HOME 4-wheelers Hit Roadblock
Wilderness Society List Fuels Debate on Access to Wild Lands





BACK
By Judd Slivka
The Arizona Republic

May. 25, 2000


BADGER SPRINGS - ''Boulder pollution'' is what Sanford Cohen calls it, his voice thick with the sarcasm that only the federal government seems to inspire on these trails.

More than 20 boulders, each big enough for a grown man to sprawl over, are strewn across the old Badger Springs Jeep Trail. Each is spaced so that a four-wheel vehicle can't make it past and drive into the Agua Fria National Monument, representing another salvo in a running battle between environmental groups and off-highway enthusiasts.

Cohen, a Prescott radio station owner and the president of the Prescott Open Trails Association, an off-highway vehicle advocacy group, is sitting on his four-wheeler in front of the boulders, decrying the establishment of the national monument.

''I've been riding here for 8 1/2 years,'' Cohen said, ''and now I'll never do it again.''

His is a frequent lament, evidenced perhaps by the bullet holes in the ''Closed to all motor vehicles'' sign.

Today, the Wilderness Society releases a report naming the Grand Canyon and the Sonoran Desert that covers much of southern Arizona as two of the 15 most endangered wild places in the nation, due in large part to off-highway vehicle usage.

Motorized touring, from boats in the Colorado River to quad-wheelers coursing through the desert, are endangering the areas' ecosystems, the report says. The most noticeable motorized tourists are the quad-wheelers, and while the Agua Fria National Monument has few roads running through it and looks nothing like the abused and wheel-rutted lands in the Tonto National Forest north of Phoenix, it is becoming a battleground and a case study in the tug of war for wild lands access.

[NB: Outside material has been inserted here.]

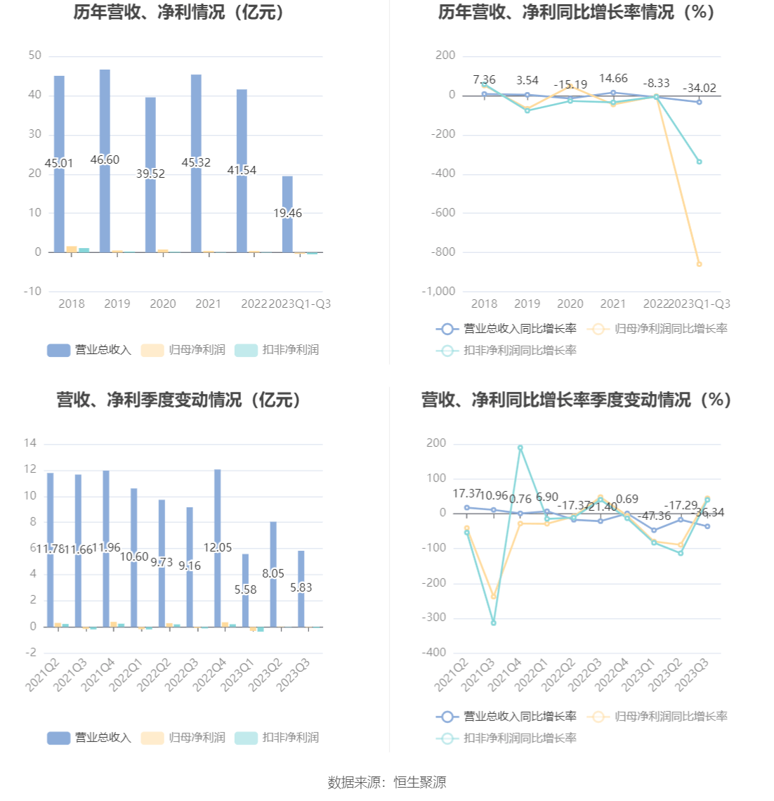 根据三季报,公司第三季度实现营业总收入5.83亿元,同比下降36.34%,环比下降27.50%;归母净利润-437.46万元,同比增长44.09%,环比下降240.65%;扣非净利润-679.13万元,同比增长39.73%,环比下降143.59%。

Off-highway vehicle advocates - folks driving everything from pickups to all-terrain vehicles to snowmobiles off the paved path - have criticized federal government policies they say kowtow to environmental groups that have recently been beating the drum about the harm caused by off-highway vehicles.

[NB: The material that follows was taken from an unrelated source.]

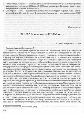 В.А. Маклаков — Е.В. Саблину. Париж, 6 апреля 1939 года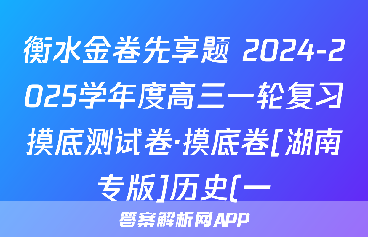 衡水金卷先享题 2024-2025学年度高三一轮复习摸底测试卷·摸底卷[湖南专版]历史(一)1试题,目前2025-2026衡水金卷答案网已经汇总了衡水金卷先享题 2024-2025学年度高三一轮复习摸底测试卷·摸底卷[湖南专版]历史(一)1试题的各科答案和试卷,获取更多{{papers_name}}答案解析,请在关注本站。

The environmental groups say that off-highway vehicle use is not conducive to preserving wild lands.

Cohen admittedly is one of the cleaner-living off-highway vehicle advocates. He and his group travel existing roads and clean up after themselves. On a recent trip to the area around the monument, Cohen filled a trash bag with other people's garbage.

He taught his daughter to ride in a flat, sandy place in what is now the monument. He and friends used to take the Badger Springs Jeep Trail down to the Agua Fria River and picnic, soak their feet and look at the petroglyphs.

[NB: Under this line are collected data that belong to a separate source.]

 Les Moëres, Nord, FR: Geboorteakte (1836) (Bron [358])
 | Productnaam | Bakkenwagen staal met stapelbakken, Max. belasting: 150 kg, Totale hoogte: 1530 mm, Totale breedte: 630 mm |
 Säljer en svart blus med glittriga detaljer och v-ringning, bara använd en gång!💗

''We like to think of ourselves as motorized hikers,'' Cohen said. ''I've got a bad knee. It hurts me to hike long distances. By restricting our way of getting to the monument, you restrict our access to the monument.''

The Bureau of Land Management, which administers the monument, finds itself in as difficult a position as many other national forests and parks: How do you give equal access to all groups - riders, hikers, shooters - without one group infringing on another?

''The decisions to make those closures were made long before we knew about the monument,'' said Gene Dahlem of the BLM. ''Call it serendipitous or coincidence or bad luck. I don't know what you call it. It just happened at the same time.''

The bureau decided to work on access issues last year when officials saw stream-side habitats being damaged by the off-highway vehicle users, Dahlem said.

''Somebody is generating new roads and trails out there, and it's impossible for us in the office to tell the ones who do from the ones who aren't. So we closed access.''

The BLM dealt with the Agua Fria access issue in February by putting steel ropes and pipes across the monument's only access into the river valley and by placing boulders across the trail.

But the off-highway lobby is a powerful one. The Clinton Administration noted its power when it announced its draft plan earlier this month for roadless areas - federally administered, pristine forest lands. Although the administration's plan limited the building of new roads in those areas, it did not restrict off-road vehicle usage of existing roads. The decision drove the environmental community nuts.

''No environmentalist would say that (off-road vehicles) are good for wilderness,'' said Jim Waltman, refuge director for the Wilderness Society, which issued the report criticizing motor-tourism in Arizona. ''But there are places where this kind of activity can occur without as much impact.''

But the Agua Fria National Monument, where Sanford Cohen taught his daughter to ride, is not one of them.